Recently I’ve stumbled upon a broken cache in my application written in Go. Some slices of structs got from database were
cached in memory. In the hindsight the problem is obvious - every consumer of this cache sorted these slices independently.
And since slices were cached in some cases they were sorting one and the same slice concurrently. Someone may suggest that
sorting should be done in the database with sort by, but even in the simplest case where it can be done on this level simply
adding SORT BY
clause it may be not desirable. Usually application layer is scaled much easier than the storage layer.
Only some newest databases introduce their own scalable computational nodes separate from the storage nodes. Traditionally
you may want to make your queries as lightweight as possible and move some CPU-bound postprocessing to application layer.
Also, you don’t want to query your database for one and the same information over and over. So caches are introduced to the
application layer. And here we go with DAO -> Cache -> Provider/Manager.

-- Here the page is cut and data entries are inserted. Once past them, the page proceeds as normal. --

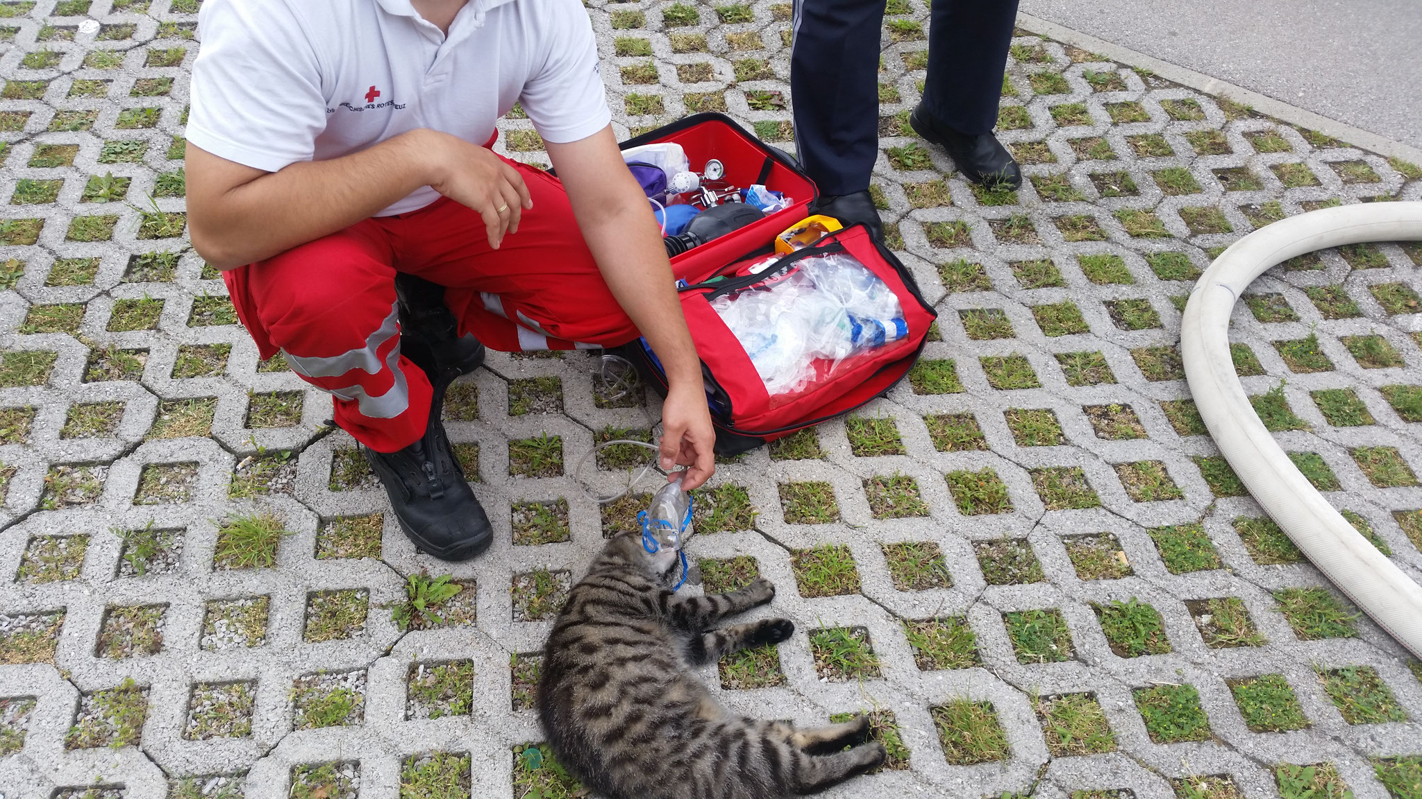 Unverzüglich begaben sich zwei Atemschutzgerätetrupps zur Erkundung der Brandherde und der Tierrettung ins Gebäude. Nach kürzester Zeit konnte die Katze aus der Wohnung gerettet werden, diese
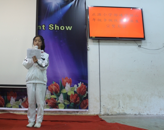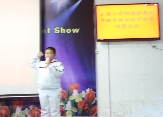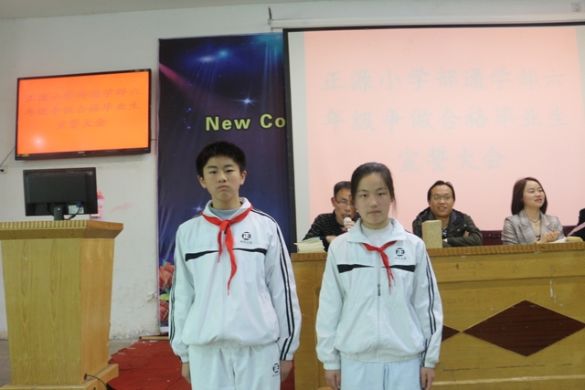 我们承载着祖国的未来,我们寄托着家庭的希望,我们铭记着老师的培养,正源学校是我们放飞梦想的起点!为了做一名优秀的小学毕业生,我在这里庄严宣誓:珍惜时间,挑战自我!勤奋学习,夯实自我!努力拼搏,超越自我!用进步激励自己!用成绩感恩父母!用行动回报老师!为实现自己的理想而奋斗!为给学校增光添彩!
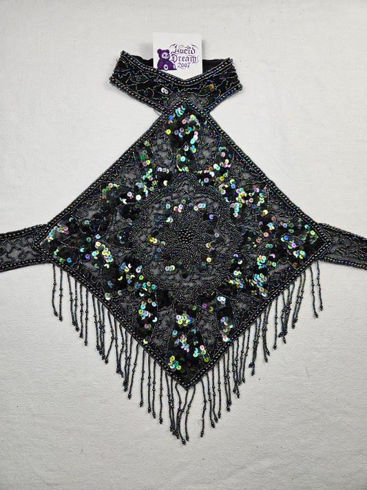 Vestido negro sin espalda con reflejos multicolores
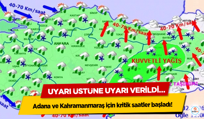 Yağışların İç Anadolu’nun güneyi, Doğu Anadolu’nun batısı, Güneydoğu Anadolu’nun batı kesimleri ile Orta ve Doğu Akdeniz’de kuvvetli olması bekleniyor. Özellikle Adana’nın kuzeyi ile Kahramanmaraş’ın batı çevrelerinde yağışların çok kuvvetli ve yer yer şiddetli olacağı tahmin ediliyor. Yetkililer ani sel, su baskını, yıldırım ve ulaşımda aksamalar gibi risklere karşı vatandaşların dikkatli olmasını istedi.
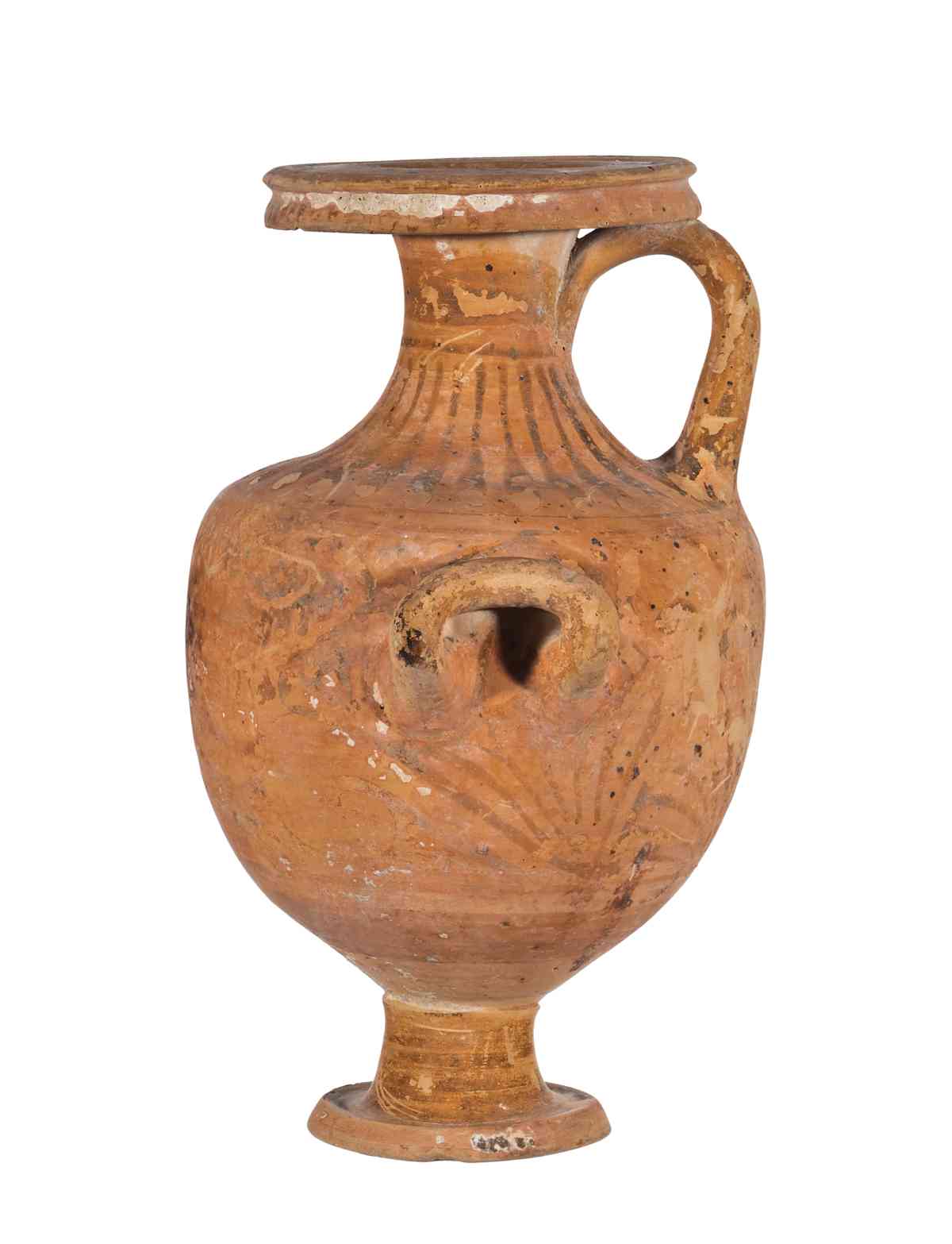 Argilla rosata (Munsell 7.5 YR), vernice totalmente abrasa, con le immagini sovraddipinte di difficile o impossibile lettura. Il vaso presenta una stretta imboccatura con orlo fortemente estroflesso distinto e labbro modanato; il corpo globulare, ma rastremato verso il fondo, poggia su un piede a disco dal profilo troncoconico con alto stelo. Il vaso presenta due anse a bastoncello, impostate orizzontalmente e tanto ripiegate da toccare il corpo del vaso. La terza ansa, sempre a bastoncello, è verticale e impostata tra orlo e spalla. Purtroppo la decorazione, vista la forte abrasione della vernice, appare quasi del tutto corrotta e difficilmente decifrabile. Si può notare tuttavia un elemento della decorazione accessoria, costituito da una fascia decorata a baccellatura nello spazio compreso tra collo e spalla. Dal momento che la forma non trova confronti con la ceramica lucana, resta dubbio l'inserimento di questo vaso in tale categoria. Sul vaso sono presenti diverse etichette: una sul piede, con indicazione del numero '74'; in prossimità della scritta 'dono Picotti | 3 12 1943 | 2288'. L'etichetta sembra posta su un'etichetta precedente, non più leggibile. Dall'altra parte dell'anello del piede si nota la scritta 'Arezzo', che compare anche su una seconda etichetta apposta presso l'ansa orizzontale destra, immediatamente sotto la spalla, forse ad indicare il luogo di acquisto o provenienza del reperto. Vi è infine una terza etichetta sull'orlo del vaso, sulla quale si legge la scritta '109'.
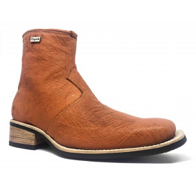 Bota de Avestruz Cheio Conhaque - Cano Alto, Bico Fino, SOLADO X-FLEX ARTESANAL
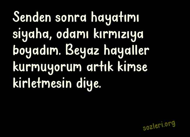 Senden sonra hayatımı siyaha, odamı kırmızıya boyadım. Beyaz hayaller kurmuyorum artık kimse kirletmesin diye. ( Kırmızı )
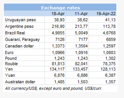 來自阿根廷的消息稱用$14800的FOB做參考,以及多$200給最好的品牌。就烏拉圭而言,一家出口商用上周的交易以$13800的離岸價(jià)成交談到了一個(gè)“穩(wěn)定的市場(chǎng)”。
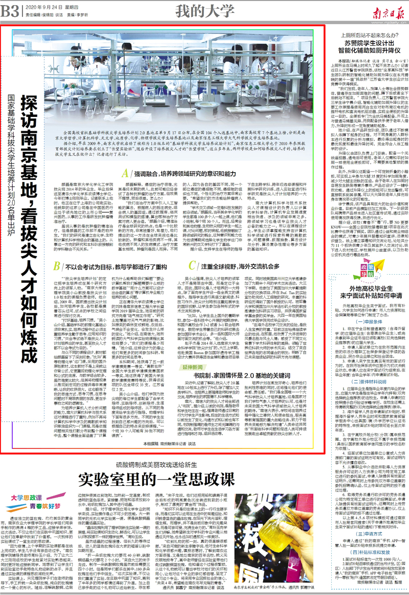 采访中,记者了解到,拔尖人才2.0基地在1.0版本上进行了升级,除了增加人文类学科外,在培养上更强调老师和学生的交流,培养学生的家国情怀、科学精神。
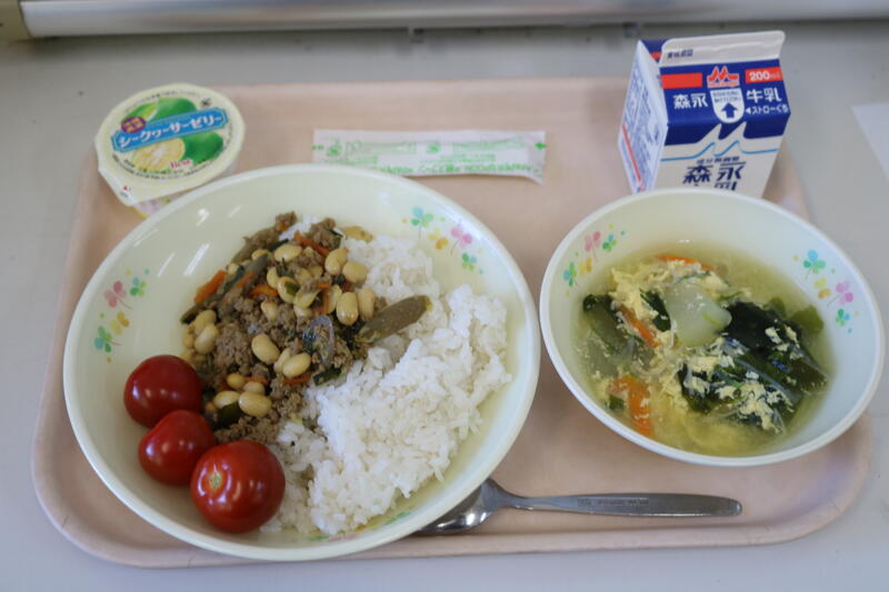 今日の給食は、【牛乳、ソイ丼、卵スープ、ミニトマト、シークヮーサーゼリー】でした。今日の主役は何と言ってもソイ丼。ソイは大豆で、ソイ丼の具には、たくさんの大豆とひき肉、ごぼう、人参、ニラなどが入っていました。味の決め手のソースは何だろう?、BBQソースでもない、照り焼きソースでもない、でもカレー風味で、ご飯がとまらないこのソースの正体は?? 職員室では、「ターメリックだ!」という結論になりましたが、どうでしょうか?当たっていますか? 今日も美味しい給食に感謝・感謝です。
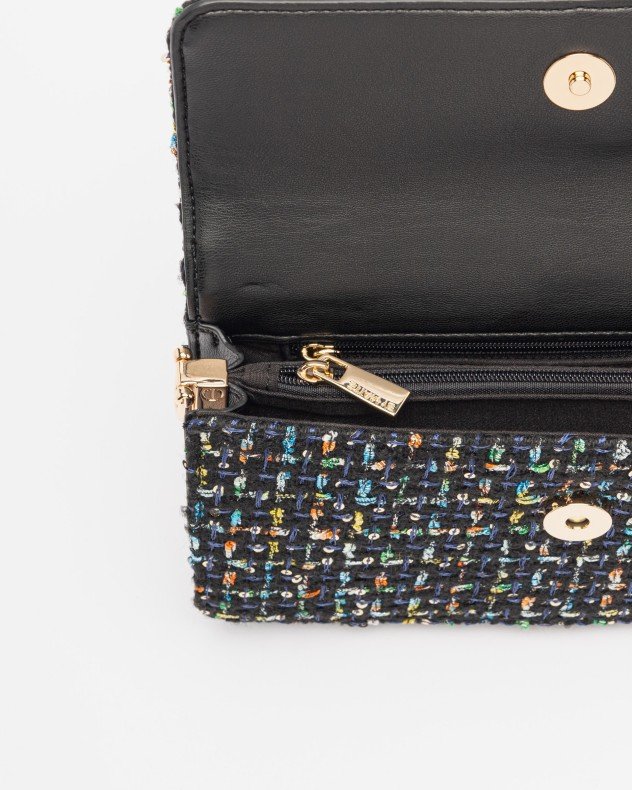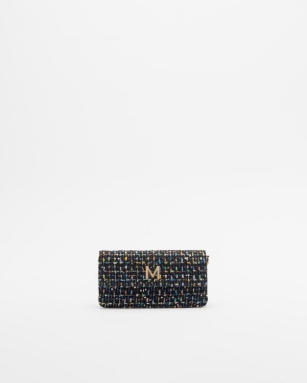 Maite by Lola crossbody bag in colorful fabric with sequin detail and metallic “M” on the front.
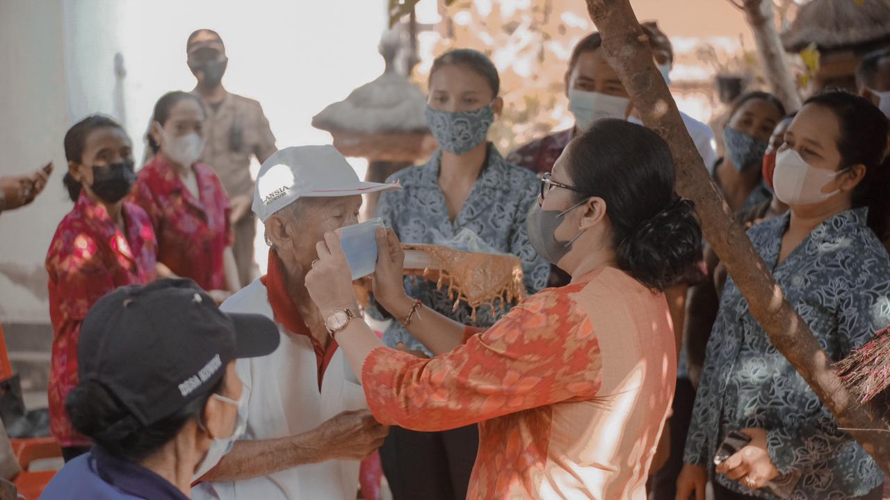 Selain meninjau perkembangan Hatinya PKK, Wakil Ketua TP. PKK Kabupaten Badung Ny. Kristiani Suiasa juga menyerahkan bantuan sembako dan masker kepada balita, lansia dan disabilitas yang berada di Desa Kuwum, Kecamatan Mengwi.
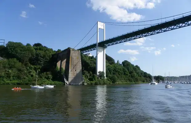 Lorsque l'on se trouve sur le port, on peut observer trois sortes de ponts. Le premier a été inauguré en 1839 après trois ans de travaux mais sera détruit le 15 août 1944 par la foudre qui tombera sur une mine posée par les allemands. Un second pont sera donc construit, inspiré du pont de Tancarville en Seine Maritime. Il est conçu pour accueillir un trafic grandissant. Cependant, victime du développement de la circulation, les deux voies se révèlent insuffisantes et favorisent les bouchons. Ainsi la ville de la Roche Bernard envisage une déviation: Un nouveau pont avec quatre voies sera ainsi construit et inauguré en 1996 à 600 mètres de l'autre pont.
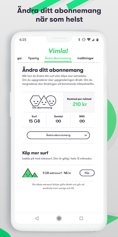 En Vimla queremos hacer telefonía móvil de una manera diferente. Con buena oferta y condiciones dignas. ¡Por supuesto, esto también se nota cuando usas nuestra aplicación! Único en Vimla es que puede hacer lo siguiente directamente en la aplicación:
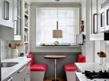 مطابخ بمقاسات 4 × 4 م تتطلب ترتيبًا مدروسًا لسماعة الرأس وقطع أثاث أخرى. يجب وضع مجموعة من الخزانات حول المحيط. يجب ألا تكون طاولة الطعام طويلة جدًا. إذا سمح موقع النافذة ، يمكنك تثبيت ركن المطبخ. من الأفضل اختيار خيارات غير مرهقة.. في غرفة من هذا النوع ، يمكنك إطالة المساحة بصريًا بمساعدة المرايا..
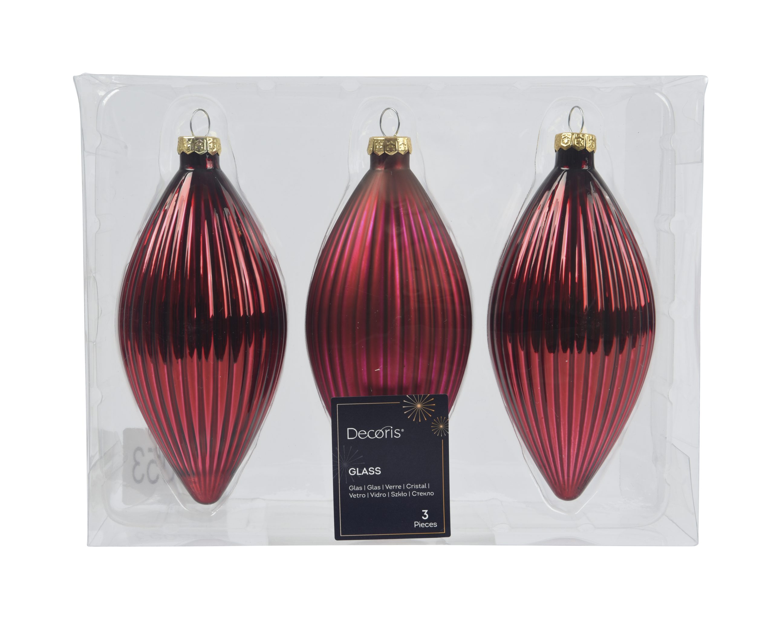 DUNKELROTE Weihnachtskugeln, zwei glänzende und eine matte, mit 13 cm und Durchmesser 6 cm. Die Glasweihnachtskugel hat eine spitze ovale Form, wie ein Tropfen oder eine Olive. Hängen Sie die Glaskugel im Fenster zusammen mit anderen Weihnachtskugeln in entsprechenden Nuancen und mit anderen Formen auf. Die Weihnachtskugel kann auch in einer Dekoration verwendet werden und wird natürlich super auf dem Weihnachtsbaum aussehen.
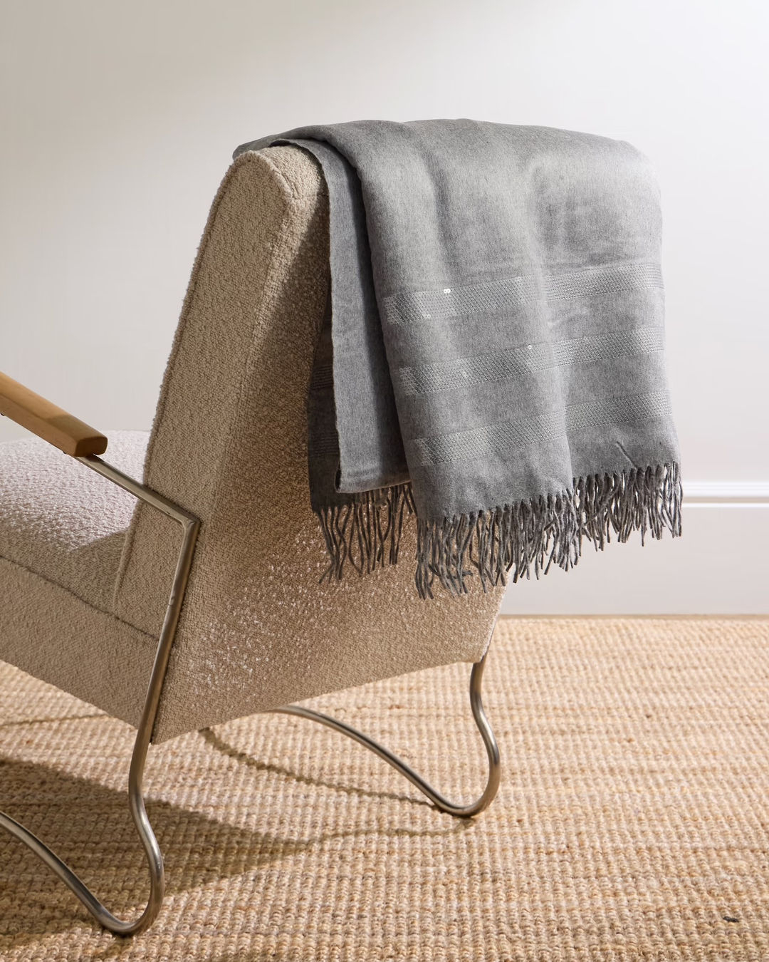 Brunello Cucinelli Fringed Sequin-Embellished Striped Silk Throw, $2,350
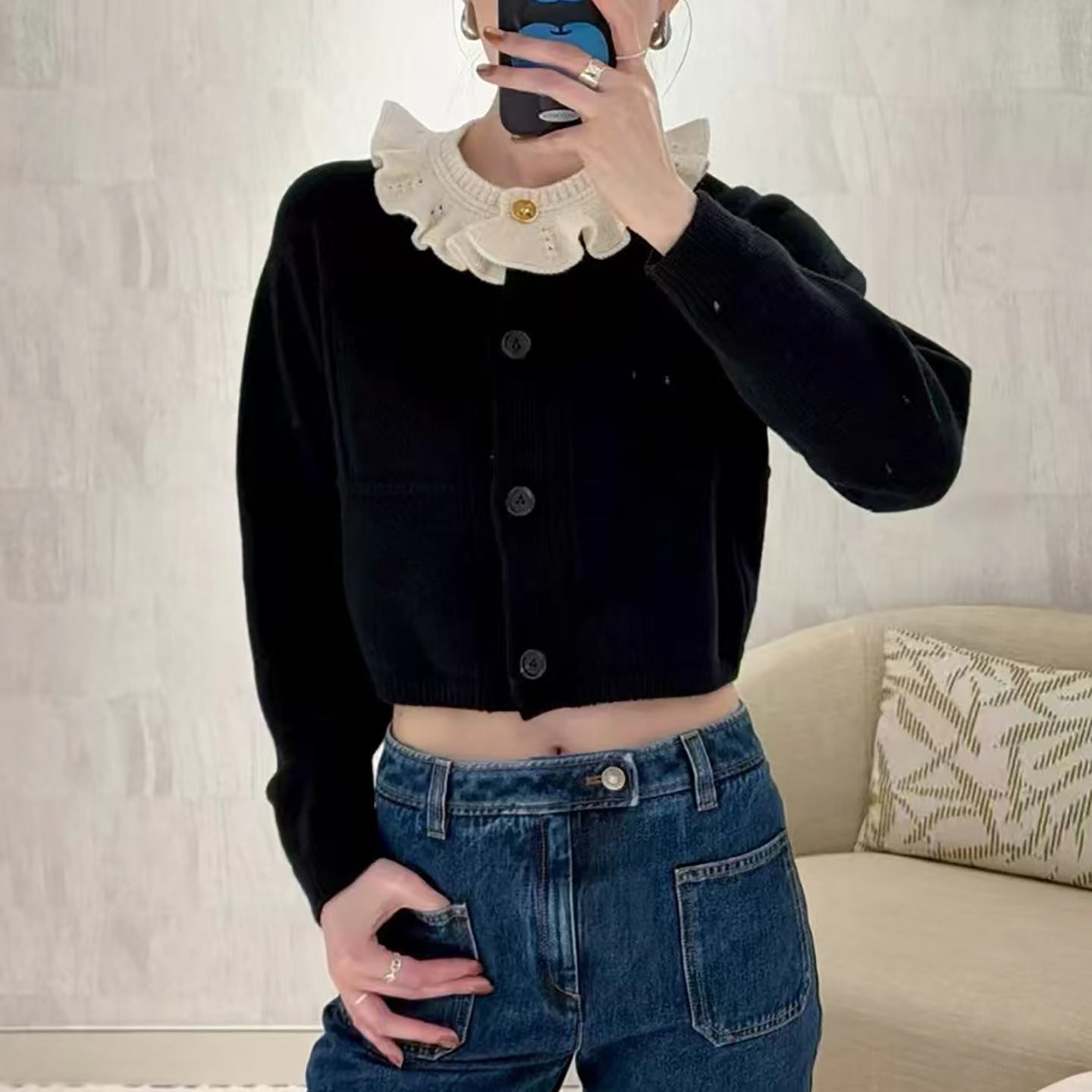 Dui版~甜美气质 绵羊毛黑色拼白色娃娃领针织短款开衫 25年新款
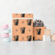"Sömlös Halloween Wrapping Papper med Svarta katter" har silhuverterad svarta katter mot papprare och skapar en subtil men fläckig design för Halloween-hölje.

Here is the code that emulates this concurrent sorting of one and the same slice without database and cache layers.
package main
import (
"fmt"
"math/rand/v2"
"sort"
"sync"
)
func main() {
const size = 100
s := make([]int, size)
for i := 0; i < size; i++ {
s[i] = i
}
rand.Shuffle(size, func(i, j int) {
s[i], s[j] = s[j], s[i]
})
start := sync.WaitGroup{}
start.Add(1)
const goroutines = 10
end := sync.WaitGroup{}
end.Add(goroutines)
for i := 0; i < goroutines; i++ {
go func() {
start.Wait()
sort.Slice(s, func(i, j int) bool {
return s[i] < s[j]
})
end.Done()
}()
}
start.Done()
end.Wait()
incorrect := 0
for i := 0; i < size; i++ {
if s[i] != i {
fmt.Printf("%d instead of %d\n", s[i], i)
incorrect++
if incorrect > 10 {
return
}
}
}
}
And the results:
1 instead of 0
5 instead of 1
5 instead of 2
5 instead of 3
6 instead of 4
6 instead of 5
6 instead of 7
7 instead of 8
13 instead of 11
14 instead of 12
14 instead of 13
As you can see not only some elements of the slice are in the wrong places after this sort, but they are duplicated. This problem is easily solved moving the sort below the cache and returning already sorted slice from the cache. Not that easy solution is making the cached value immutable - you cannot simply get slices from the cache in this case.